# [INSTRUCTIONS TO FOLLOW]
Could you reproduce, from the records below, everything from the line with "A vibrant pile" down to the line with "The head is", keeping both of those lines and changing nothing?

# [MATERIAL SHOWN]
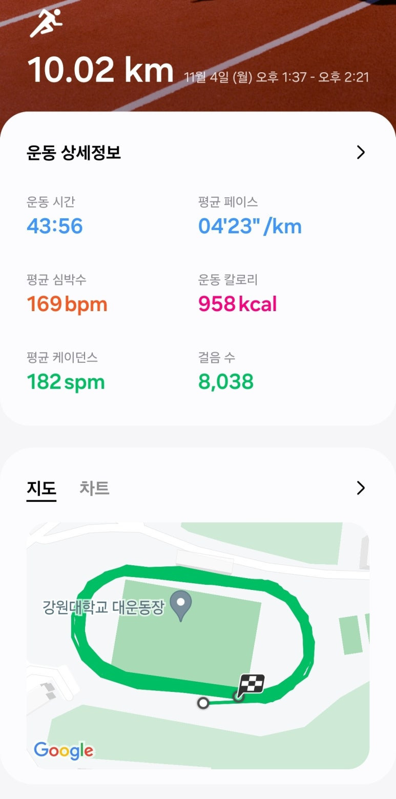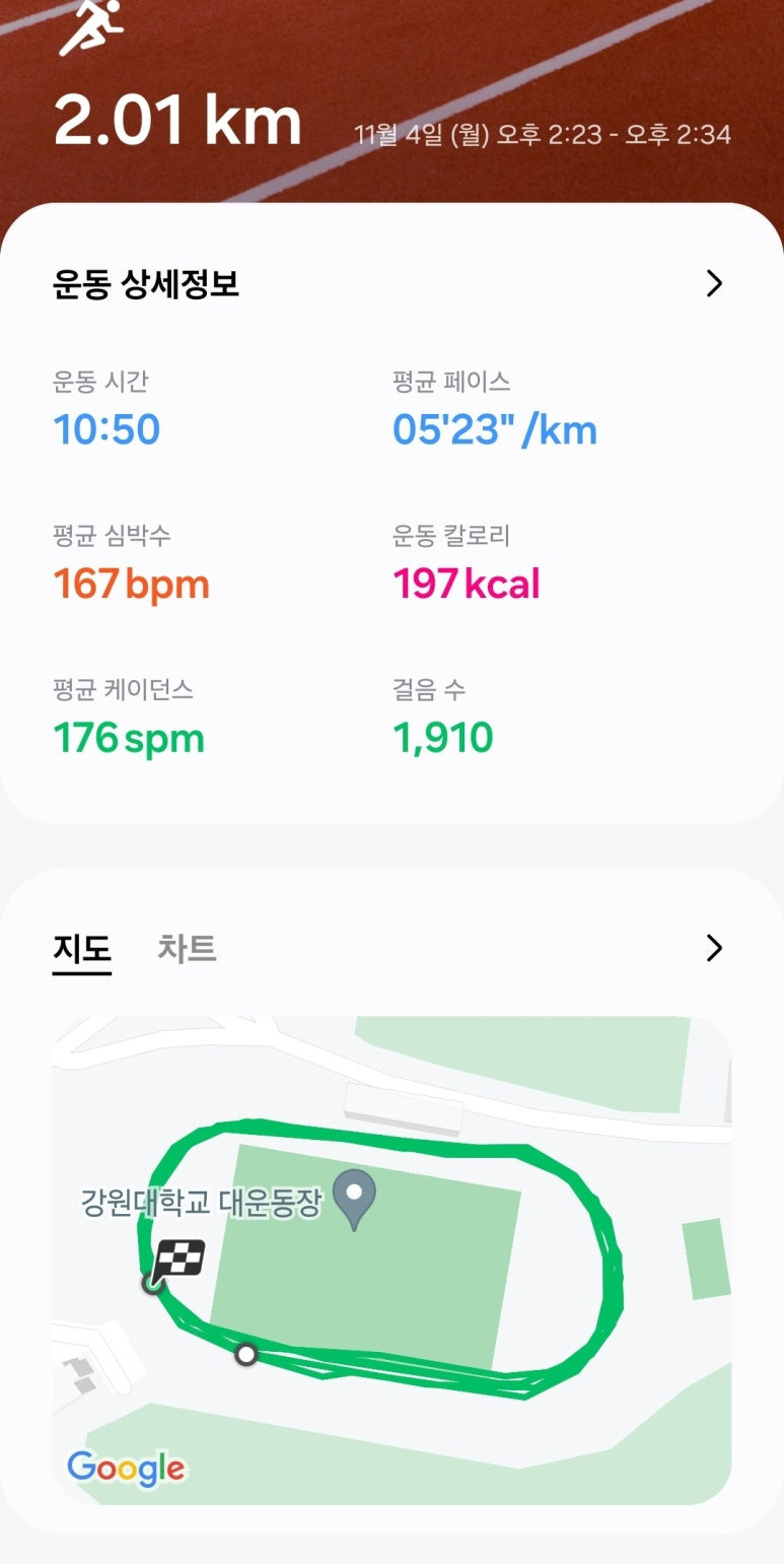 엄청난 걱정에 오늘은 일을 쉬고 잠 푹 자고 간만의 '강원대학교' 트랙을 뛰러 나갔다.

* * *

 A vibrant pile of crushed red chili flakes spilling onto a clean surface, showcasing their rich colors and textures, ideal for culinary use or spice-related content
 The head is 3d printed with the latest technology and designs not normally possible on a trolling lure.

# [EXERCISE RESPONSE]
 A vibrant pile of crushed red chili flakes spilling onto a clean surface, showcasing their rich colors and textures, ideal for culinary use or spice-related content
 The head is 3d printed with the latest technology and designs not normally possible on a trolling lure.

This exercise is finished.